Verre cassé Roman D’Alain Mabanckou.

28/05/2005 - Drôle d’endroit pour une rencontre : c’est dans un café emblématique du quartier des Trois-Cents, zone en déshérence du Congo-Brazzaville, qu’échoue tout ce qui se fait de voyageurs, de soûlards, de presque-rien et de revenus de tout.

Drôle de nom pour un bar : ce lieu ouvert jour et nuit s’appelle « Le crédit a voyagé », clin d’oeil aux écriteaux répandus en Afrique intimant aux clients de payer comptant. « C’est au Cameroun que j’ai vu cette inscription pour la première fois, raconte Alain Mabanckou. Elle m’évoquait Mort à crédit et Voyage au bout de la nuit de Céline. En faire le point d’ancrage de ce roman était un hommage à la manière célinienne de décrire les petites choses quotidiennes dans une langue "pourrie". »

Poète et romancier, Alain Mabanckou s’est imposé en quelques années et une quinzaine de livres comme l’un des noms les plus talentueux de la littérature francophone. Couronné par le prix Ouest-France/Etonnants Voyageurs, Verre cassé se situe dans la lignée d’African Psycho*, où il examinait déjà les sociétés africaines « dans leur vie quotidienne du dehors », sous l’angle de la rue, des marginaux ou des victimes du système familial. Il conte aujourd’hui l’aventure de Verre Cassé, vieux sage sexagénaire à qui un patron de bar remet un cahier pour qu’il consigne l’histoire de son établissement. La petite et la grande. Il hésite (« il n’y a rien de pire que le travail forcé, je ne suis pas son nègre ! ») avant d’accepter de coucher les confidences des clients sur le papier.

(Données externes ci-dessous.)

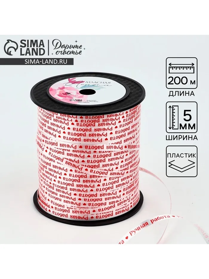 Лента для декора и подарков «Ручная работа», 0.5 см х 200м — Характеристики
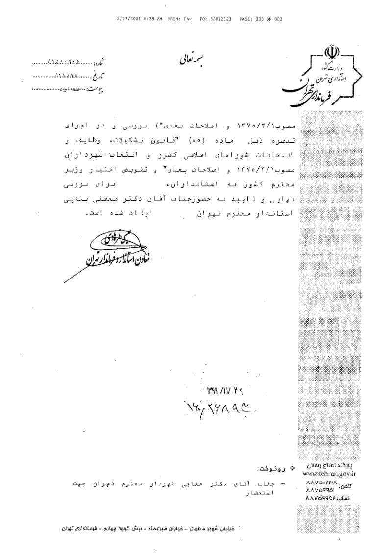 استعلام از وزارت کشور

Elles se livrent sans discontinuité, le texte ne comprenant aucun point. Nulle excentricité dans cette ponctuation qui s’est imposée naturellement à l’auteur pour « mettre en adéquation l’ivresse des personnages et celle de l’écriture ».

Café du commerce ou mots d’esprit, les conversations à bâtons rompus de tous ces damnés de la terre sont aussi truculentes qu’universelles. Mama Mfoa, la cantatrice chauve qui vend des soles grillées et du « poulet-bicyclette » sur l’avenue de l’Indépendance pour quelques francs CFA ; Mouyeké, escroc sans génie qui se croit, parce que descendant de grands sorciers, capable de « transformer le pipi de chat en vin rouge de la Sovinco » ; les filles du quartier Rex où les gars font de l’alpinisme sur les monts de Vénus ; l’Imprimeur, qui a « fait la France », auréolé de la gloire factice d’avoir traversé la Méditerranée... Ce qui lui est arrivé à lui, Verre Cassé, pourquoi il passe son temps à écouter la galerie dérouler ses vies par le menu, le lecteur devra le chercher en filigrane.

En filigrane aussi, il trouvera des titres d’oeuvres littéraires disséminés dans le texte, qui sont comme des plots figés dans le flot des paroles. « La culture, c’est ce qui nous reste lorsqu’on n’est plus rien », insiste Alain Mabanckou, qui a voulu offrir autant de révérences à ses maîtres à penser, Conrad, García Márquez ou Ionesco.

Plus qu’une vision de l’Afrique, il propose un portrait vivant de l’homme contemporain, enlevé par un humour ravageur et un très sain deuxième degré. L’air de rien, il raille le regard occidental sur l’Afrique noire, la stupidité des bien-pensants, et distille quelques analyses bien senties sur l’arrogance des hommes, suggérant que son propos s’étend bien au-delà des frontières du Congo-Brazzaville, où il est né, de la France, où il a grandi, et de l’Amérique, où il enseigne aujourd’hui les littératures francophones et afro-américaine à l’université du Michigan.